Meet The Dreamfinder

Disclaimer: Same as before…

RougefanKC – If you think this is chaotic, imagine what will come to pass when Vinny meets Trinity and Forge for the first time (if you'd like to imagine Jake Clawson getting involved too, be my guest)…


"Vinny, you might not want to mix that portion of chemicals…" Dreamfinder began.

BOOM! A black cloud of smoke flowed out into the hallway, and Prue remarked, "You're worst than my sisters when they're brewing potions…"

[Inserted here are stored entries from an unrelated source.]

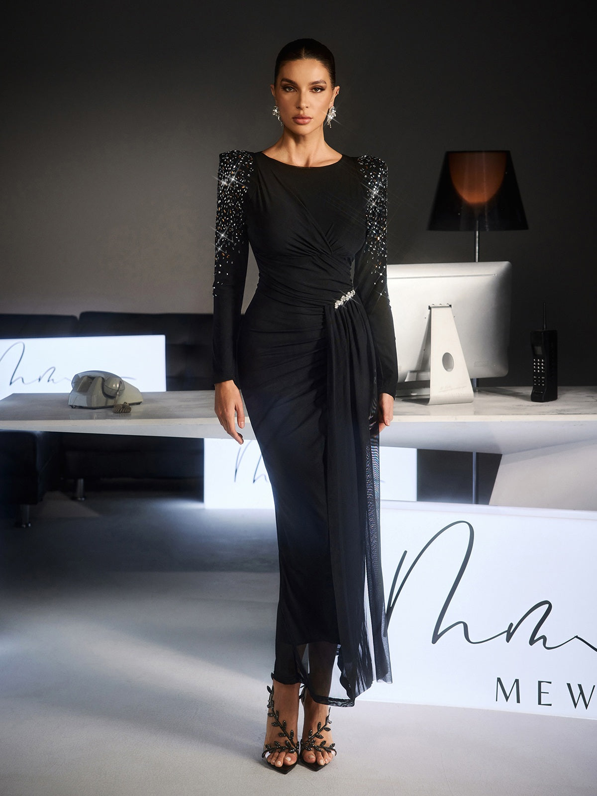 Fianna Long Slevee Ruched Rhinestone Maxi Dress
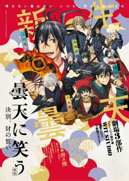 晴れない曇はない いつも、笑える奴になれ■WIT STUDIO最新作! 実写映画化も発表された、笑って泣ける大浪漫活劇!福士蒼汰主演で既に実写映画化も発表されている「曇天に笑う」に続いて、続編となる「外伝」が劇場三部作のアニメとして映像化!アニメーション制作は、「進撃の巨人」「甲鉄城のカバネリ」などハイクオリティな映像を生み出し続けるWIT STUDIOが担当。■セル特典として、原作者唐々煙による描き下ろしBOX、漫画付きブックレットを封入!原作ファンには垂涎のセル特典として、原作者唐々煙が本商品の為だけに描き下ろしたイラストを使用した三方背BOXだけでなく、オリジナルストーリーによる描き下ろし漫画付きブックレットの封入が決定!■豪華声優陣による夢の共演! 劇伴は新進気鋭の若手作家、やまだ豊が担当!声優ファンに絶大な人気を誇る豪華声優陣(中村悠一、梶裕貴、代永翼、鳥海浩輔、櫻井孝宏ほか)による夢の共演が実現!また、映画「デスノート Light up the NEW world」やTVアニメ「東京喰種」等の音楽を手掛けた、才能ある若手として非常に注目を集めているやまだ豊が劇伴を担当!<収録内容>【Disc】:DVD・画面サイズ:16:9・音声:日本語(オリジナル)リニアPCM 2.0ch ステレオ ▽音声特典・ドラマCD 「天火、旅立ちの日に」(中村悠一、鳥海浩輔、大原さやか)・キャストトーク (中村悠一、鳥海浩輔)※収録内容は変更となる場合がございます。
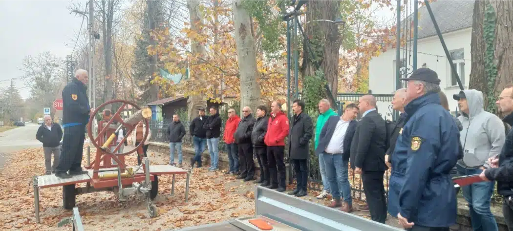 Bodó László, a KÖTÉL ÖTE parancsnoka a szélviharok által megdöntött fákban keletkező mechanikai feszültségekről tartott gyakorlati bemutatót a feszültség alatt álló fa vágástechnikai szimulátorával.
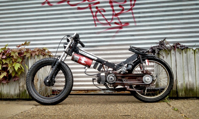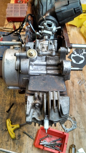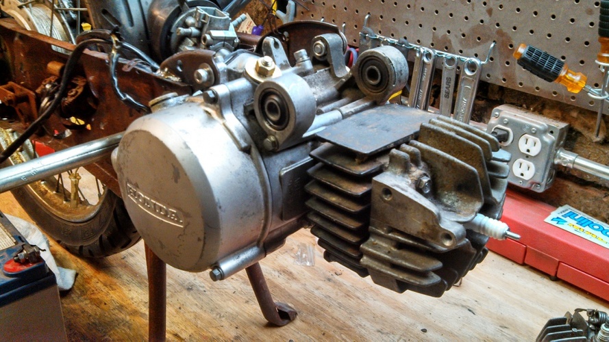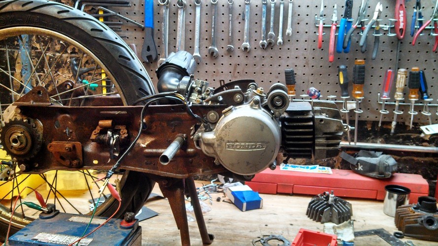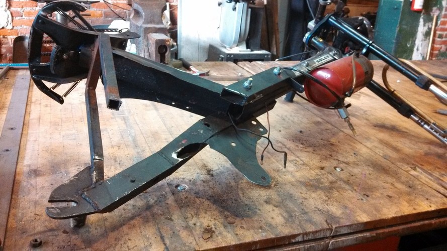 I salvaged the old top side of my "Solepuch" and made a hobbit subframe mount for it. Then found a burnt out shell of a hobbit subframe to put on it... reenforced the crap out of it. Mashed up Nu-50 / PA-50 drive train, electric start, Athena, PHBG, Weak-ends and a massive front end to keep the thing as grounded as I can.
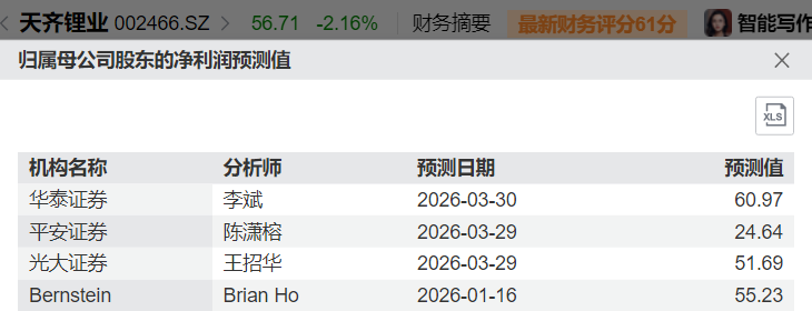 上游碳酸锂。以主营业务最纯的天齐锂业(9696.HK、002466.SZ)为例,市值977亿元,按下图中的平均值计算(去掉异常值),2026年预期净利润55.96亿元,对应动态PE为17.46倍。
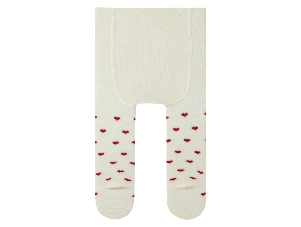 Lil' Atelier strømpebukser i råhvid med røde hjerter
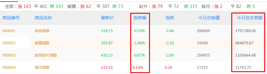 京东文娱寄卖商城商品行情(目前主要分析邮资封片、邮票和钱币板块),以下图表皆可点击放大查看。
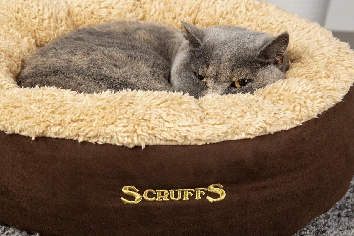 Deze voordelige kattenmand van de Scruffs Cosy Collectie is uitgevoerd in een imitatie suède buitenvoering met een superzachte binnenvoering van 100 recycled polyester.
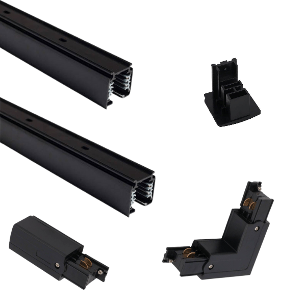 Czarny system szynowy CTLS „L” o długości 2+2 m, 3-fazowy, zasilany końcowo
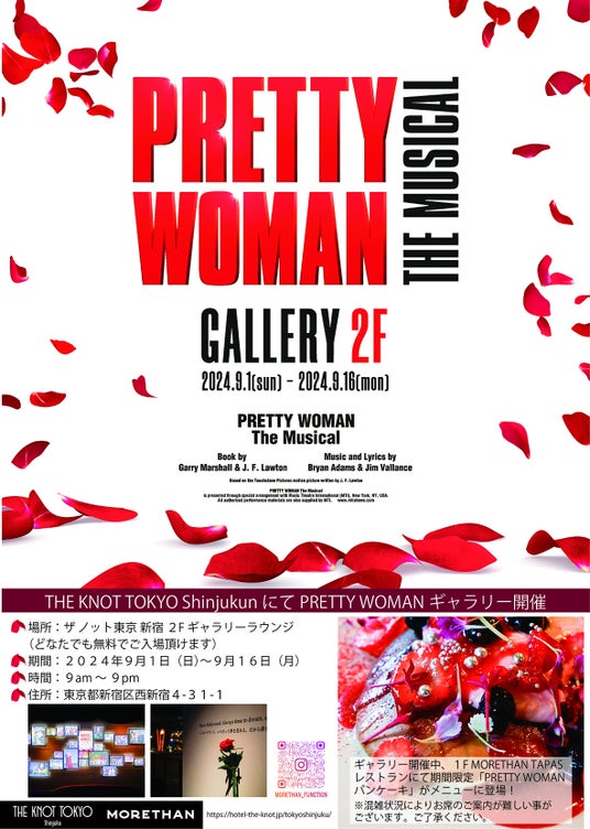 1F MORETHAN TAPASでは期間限定「PRETTY WOMANパンケーキ」が登場。モアザンは新国立劇場オペラパレスでの公演劇中で使用されるパンケーキを提供いたします。このパンケーキをプリティ・ウーマンの世界観で彩ったスペシャルパンケーキとして、期間限定でメニューに登場。
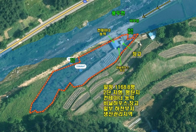 - 하천 및 하천부지 접한 토지로 마을과 떨어져 있는 농지,2차선 도로 및 버스정류장 450m
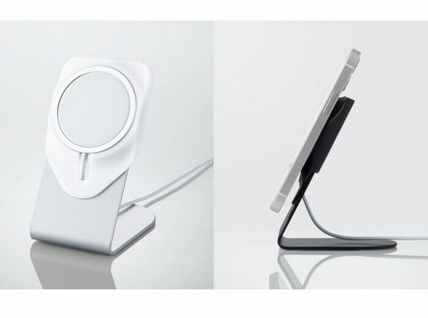 アルミニウムスタンドはMagSafe充電器との組み合わせでワイヤレス充電したり、Web閲覧や動画視聴などに使える。
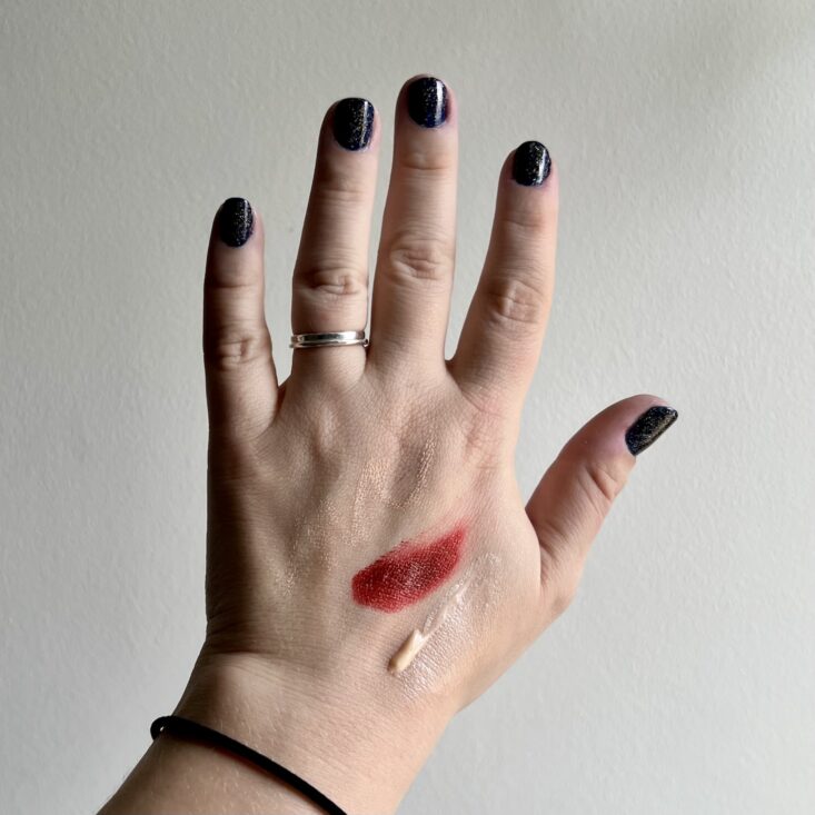 I have a drawer full of these creamy stains, and I rarely reach for anything else. The staying power is amazing! I also love the healthy glow finish. This product has emulsifiers like shea and kukum butters to keep the skin hydrated, happy, and healthy. This month's shade is a spicy red that mimics the look of red cheeks, fresh from the cold; it is lovely.
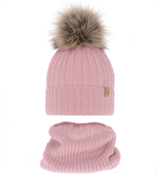 Czapka i komin merino dla dziewczynki, polar, Rimabel, różowy, 51-53 cm
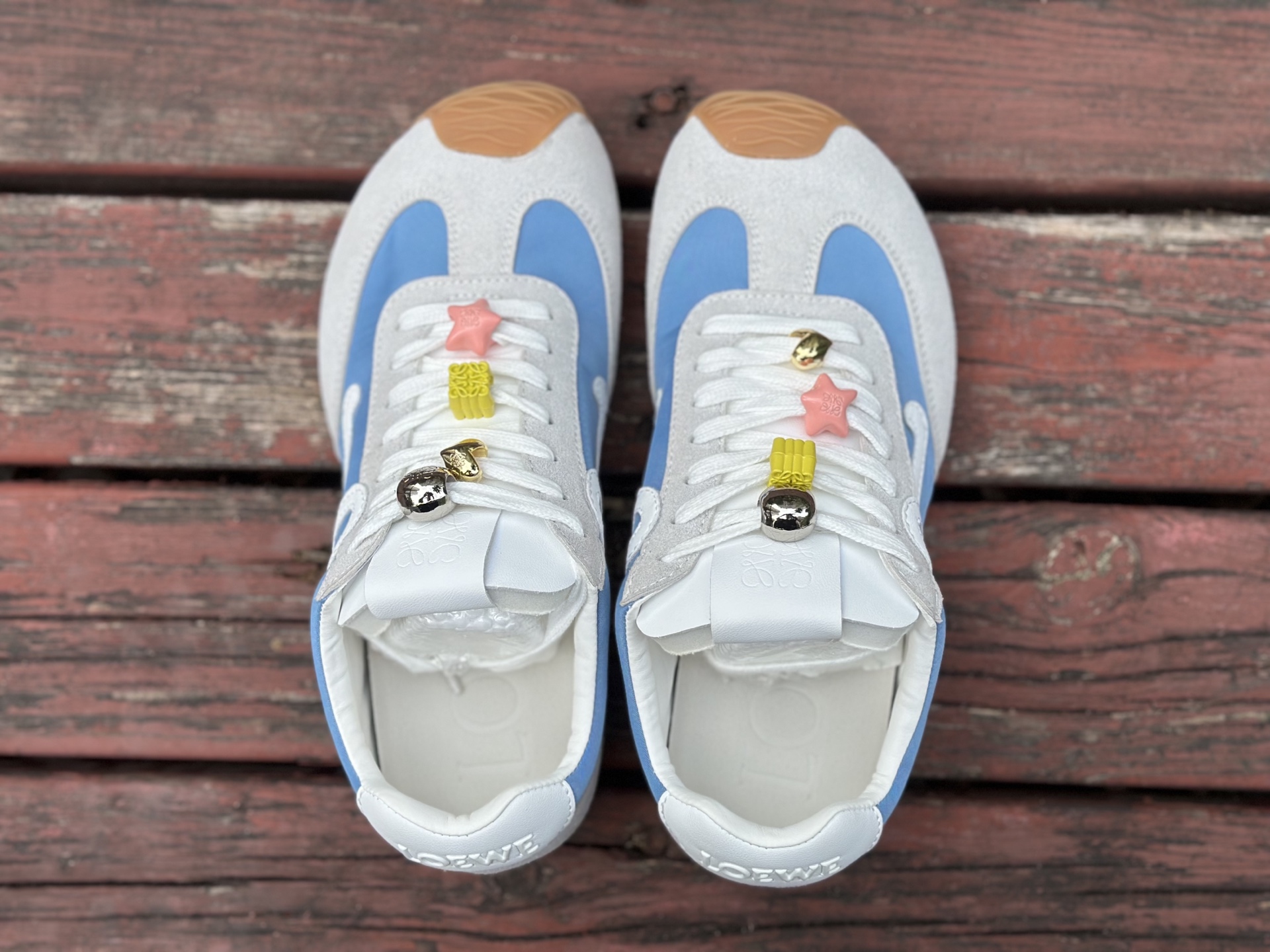 这款鞋子是AAAAA 1:1 质量 (非常棒). 使用了和原版一模一样的材料. 商标部分也保持了和罗意威/Loewe一样. 图片拍摄是实物鞋子拍摄, 您所收到的实物保证和我们图片一模一样.
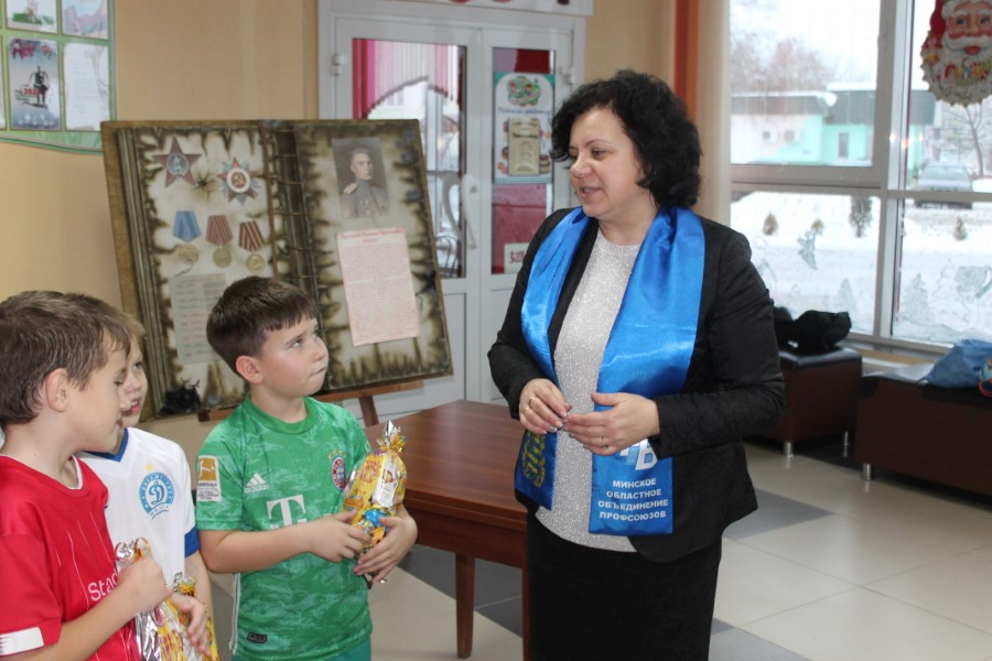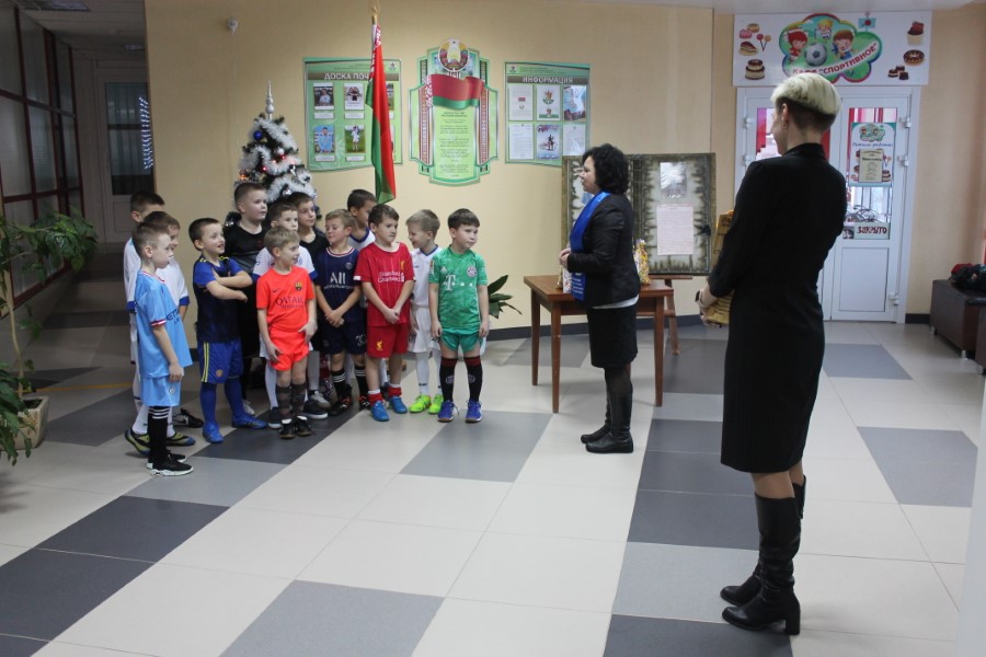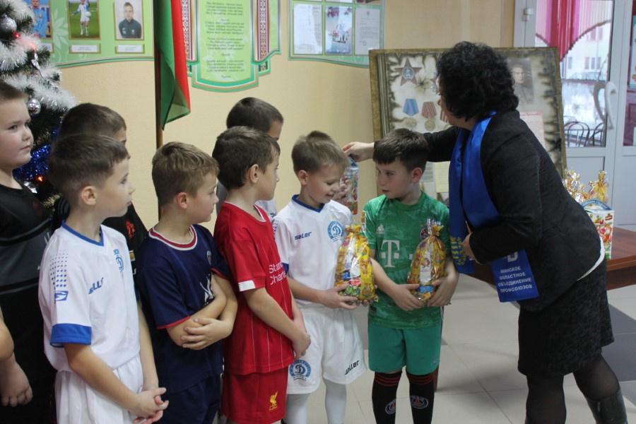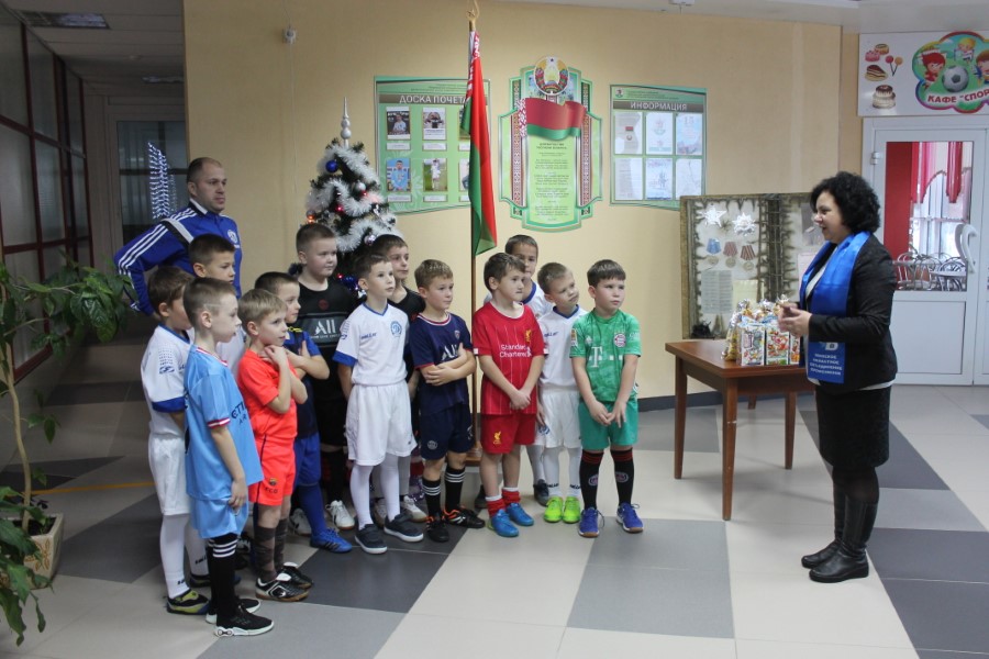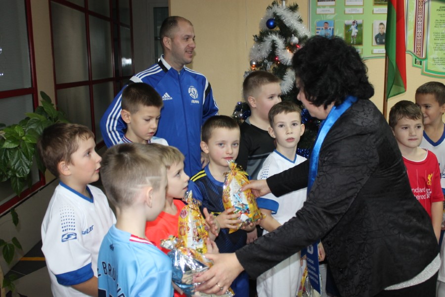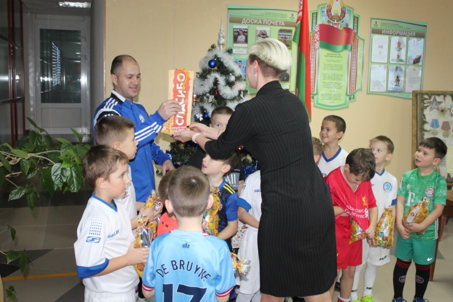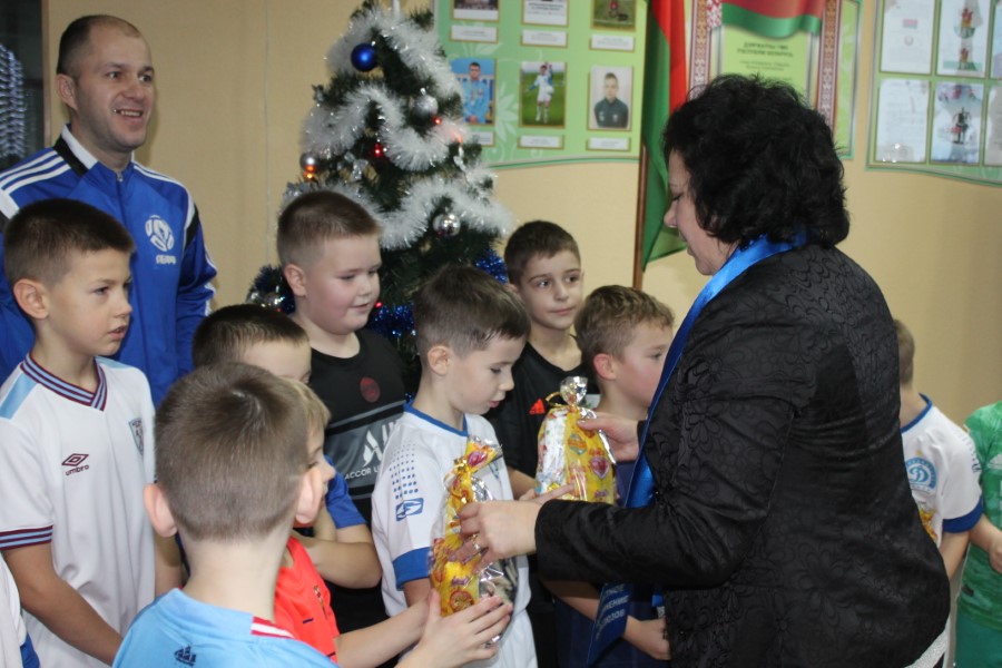 Однако подаркам рады не только дети. Первый секретарь Березинского райкома БРСМ Екатерина Аврамчик вручила новогодний сувенир и футбольному тренеру Сергею Булойчику.

"So let me get this straight," Prue asked Donald, after she collared him walking down the hall, "The Dreamfinder's mere presence enhances the imaginations of people nearby."

"Bingo." Donald replied, "Which means I'm thinking up more anti-Heartless spells as we speak…"

"Allons enfants de la Patrie. Le jour de gloire est arrive!" D'Artagnan sang with Mole as they staggered around the hall, "Contre nous de la tyrannie. L'etandard sanglant te leve. Entedez-vous dans nos campagnes. Mugir ces feroces soldats? Ils viennent jusque dans vos bras. Egorger vos fils vos companges! "

"Yah outta try mah new and improved moonshine!" Cookie shouted, "Whoo wee is it potent."

"I assume that's why D'Artagnan and Mole are singing the French national anthem and staggering around the hallway." Prue remarked.

"I call it the Dreamfinder's Surprise. Care for a taste?" Cookie said, smiling.

"Aux armees le citroyens. Formez vos battalions!" the two drunken Frenchmen shouted, "Marchons, marchons. Qu'un sang impur. Abreuve nos sillons."

"Maybe later." Prue replied, diplomatically.

"Ah've gotta write the recipe down now." Cookie replied.

Prue turned her head to see a very muddy looking Godfrey, Doc, and Andy sporting some cuts and bruises and thoroughly drenched.

"Godfrey," Doc replied, "What possessed you to put us in that rugby game against the Welsh Regiment?"

"I think his name is Dreamfinder." Andy groaned.

"Come on you wankers. The game wasn't that rough." Godfrey replied.

"Not that rough." Doc began, his eyes narrowing, "Not that rough? You weren't the one who had to contain that enormous Welsh blindside flanker."

"And you weren't gang tackled by that prop and that speedy Welsh flyhalf." Andy added.

"What happened?" Prue asked.

"Godfrey ran into some fellow from his old school in England. They were a few players short for an afternoon rugby game against the Welsh." Doc replied, "So long story short, he asked if we wanted to give it a shot. I used to play in my college days, and Andy said it's close enough to football for his liking."

"Yeah, I got nostalgic about our old high school days, when I was the quarterback." Andy groaned, "Big mistake…"

"Rugby, my friends, is a real man's game." Godfrey replied, grinning, "Because we wear no bloody pads."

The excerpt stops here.